Was Unicode designed well? If it were designed from scratch today, with no legacy considerations, would the ideal design look like the current design? What would you change?
Being extremely ignorant of the problem space, the first thing I would consider for the chopping block would be combining characters. Just make every character a precomposed character (one code point), so there's no need for normalization. I'm curious if such a scheme could fit every code point into 32 bits, though. Would this be feasible?
It’s like giving me a list of numbers and asking me to “combine” them. What does that mean? Do I sum them up, or concatenate them, or something else entirely? A lot of string reversal solutions are “incorrect” because there isn’t even a correct question in the first place.

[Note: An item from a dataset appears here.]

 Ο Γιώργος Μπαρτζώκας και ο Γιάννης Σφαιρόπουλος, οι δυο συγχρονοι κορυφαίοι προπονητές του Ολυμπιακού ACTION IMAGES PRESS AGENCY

Even with an infinitely large code space, doing away with combining marks and encoding everything as precomposed would be impossible because you cannot have a definitive list of every single combination of letters and diacritics that may mean something to someone. If Unicode had been the first digital character set ever created, it would not contain a single precomposed code point because they are utterly impractical. As such, normalisation – or at least the canonical reordering part of it – is always going to be a necessity.

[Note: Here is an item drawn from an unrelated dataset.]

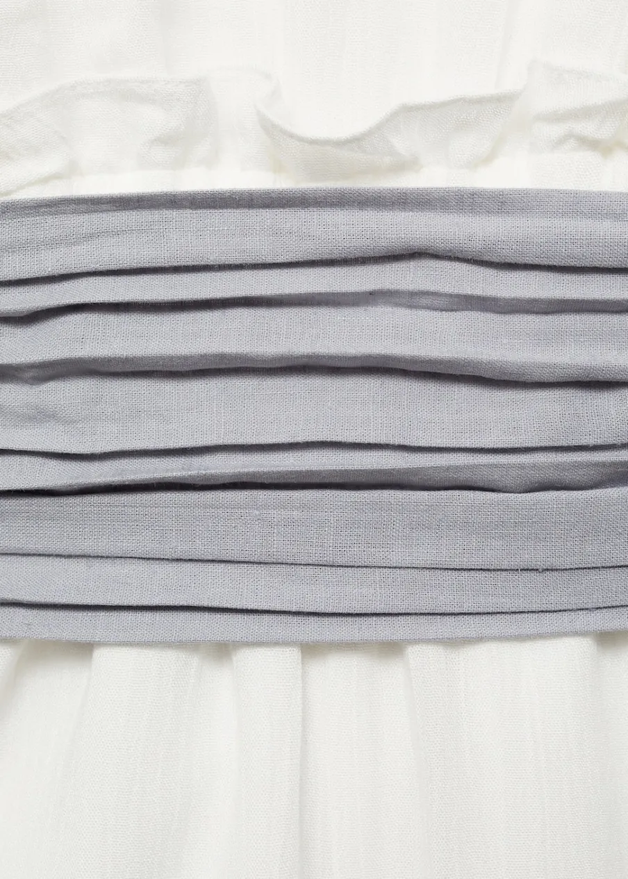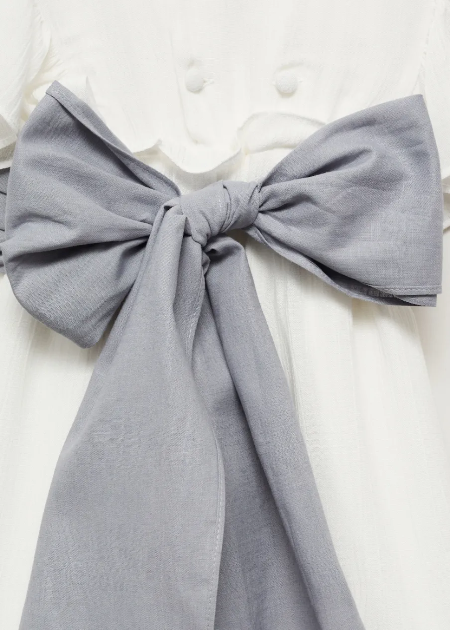 OpisZ teksturą. Model długi. Okrągły dekolt. Falbanki na rękawach. Wstążka w pasie wiązana na kokardę. Dekolt n…

For Unicode, a “design from scratch” design would remove duplicate legacy code points. Why have “é” both as a single code point and as ”e” plus a combining character?
It also wouldn’t have any of the deprecated characters (https://en.wikipedia.org/wiki/Unicode_character_property#Dep...)
I also would remove the few special flag code points (https://home.unicode.org/the-past-and-future-of-flag-emoji/)
If “design from scratch” also means “drop the goal of encompassing old character encodings”, more code points probably could go. Why are DOS box characters in Unicode, while Atari/PET, etc, ones aren’t, for example?
Finally, I would look into making it easier to retrieve character class from a code point (the ‘these code points are digits, these are combining marks, etc’ tables are a bit of a wart, and getting rid of them could be useful in small embedded devices).
I doubt a solution exists there that is future proof agains extension of Unicode and doesn’t blow up memory use, though, and am not sure any embedded devices too small to host those tables actually could use that info.
Where I would make the change isn't Unicode itself but the APIs. All of the problems you're talking about basically come down to legacy language design where people think they're working with grapheme clusters but they're really working with code points. Making that more explicit in the tools would be good, similar to how Python 3 forced you to think about whether you wanted encoded binary data or a decoded string but there's so much history around that making it hard to do without getting a lot of griping from people who don't want to update decades of habit.
has nothing with Unicode
It's thing to do with whether it's Little or Big Endian
Unicode as fixed & secured as Ascii at its era